“You’re on Mountain Time” – but am I really?
The sun was shining today as I left the house at 7am, thanks daylight savings time! And I enjoyed it, it is easier to see deer running across the road when it is light out, and I plan to enjoy it because it doesn’t last forever. Soon enough it will be dark out when I get up anyhow, hopefully sometime all day because of rain clouds.
There is this camping myth about time and daylight: Mountain Time. More specifically, that you wake up with the sun go to bed at sunset. Somehow automatically you are so in touch with nature the moment lay your head down on a sleeping pad that you can throw that watch away.
I’m calling bull.
When hiking the TRT for 12 days Trails and I used out watch alarms to wake us up every single morning. We went to bed early, got up early, but we had destinations and a schedule to stick to. Sure we got super good at falling asleep with the sun – as illustrated by being the first people in bed at the Mount Rose campground, before toddlers – and trained in wrenching our body’s out of bed with the sunrise so we could bust out some miles before it got hot. Without that morning alarm ensuring my early awakening I don’t know if I would have made it. I definitely wouldn’t have made it 164+ miles in 12 days.

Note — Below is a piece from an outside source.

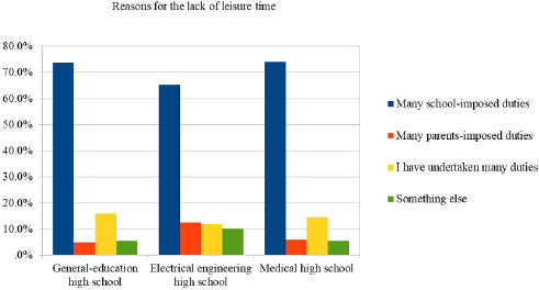 Since again there are no major difference between schools, the Chi-square test is used to check the frequency of selecting individual reasons for the lack of leisure time with respect to the grade. Dependence in terms of having many school-imposed duties with respect to the grade was checked to find a statistically significant dependence for all grades (second grade: the cut-off value of the Chi-square test with 2 degrees of freedom, p<0.001, is 18.4, and the obtained Chi-square test is 19; third grade: the cut-off value of the Chi-square test with 2 degrees of freedom, p<0.001, is 19.1, and the obtained Chi-square test is 17.7; fourth grade: the cut-off value of the Chi-square test with 2 degrees of freedom, at the significance level of 0.1%, is 14.9, and the obtained Chi-square test is 13.5, more details could be found in Table 3). In the second grade, having many duties as a cause of lack of leisure time is the most common choice in general-education high school students (98%), while 76% of students in second grade of electrical engineering high school report the same. In the third grade, this was the choice of all medical high school students and 82% of electrical engineering high school students. In the fourth grade, all electrical engineering high school students reported having many duties as the cause of the lack of leisure time, just like 80% of general-education high school students. One cannot ignore the fact that some students have undertaken many duties themselves, including 17% of general-education high school students, 12% of electrical engineering high school students and 15% of medical high school students. The causes of the lack of leisure time such as ‘I have to study for graduation’ and ’I do not know how to use leisure time in the right way’ are stated by 7% of general-education high school students, 15% of electrical engineering high school students and 7% of medical high school students. The Chi-square test checked the dependence in terms of many parents-imposed duties with respect to the school and the grade. Statistically significant dependence was not observed. In the opinion of students in all the grades of all the three schools, many duties imposed by parents are rarely the cause of the lack of leisure time.
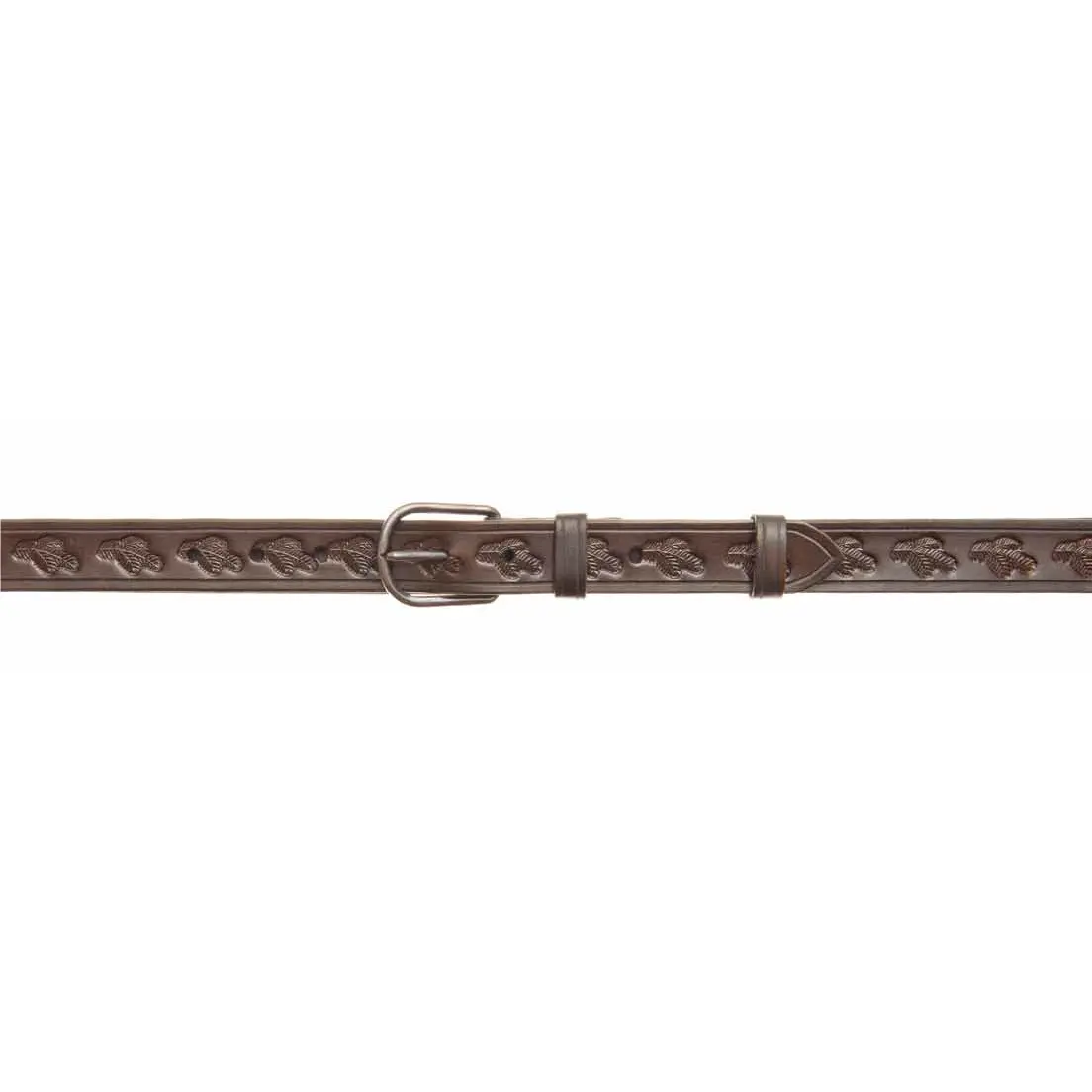 Hnědý myslivecký opasek z kvalitní kůže, zdobený mysliveckými motivy. Šířka 3 cm, délka 140 cm.

Supposedly, if you are truly on Mountain Time you need to not have a schedule.
But it’s hard to not have a schedule: People need to go to work on Monday. & I would really like to see the destination at the end of the hike. & All the primo produce will already be snapped up at the farmers market. & We are all going to miss the first set at concert down at the Mountain Sage…
Maybe if through hiking the PCT I would have adapted eventually. But in the mean time you can pry my alarm over my cold asleep body. Or acknowledge the fact that my mountain weary body is staying in my cozy sleeping bag a little after the sun rises!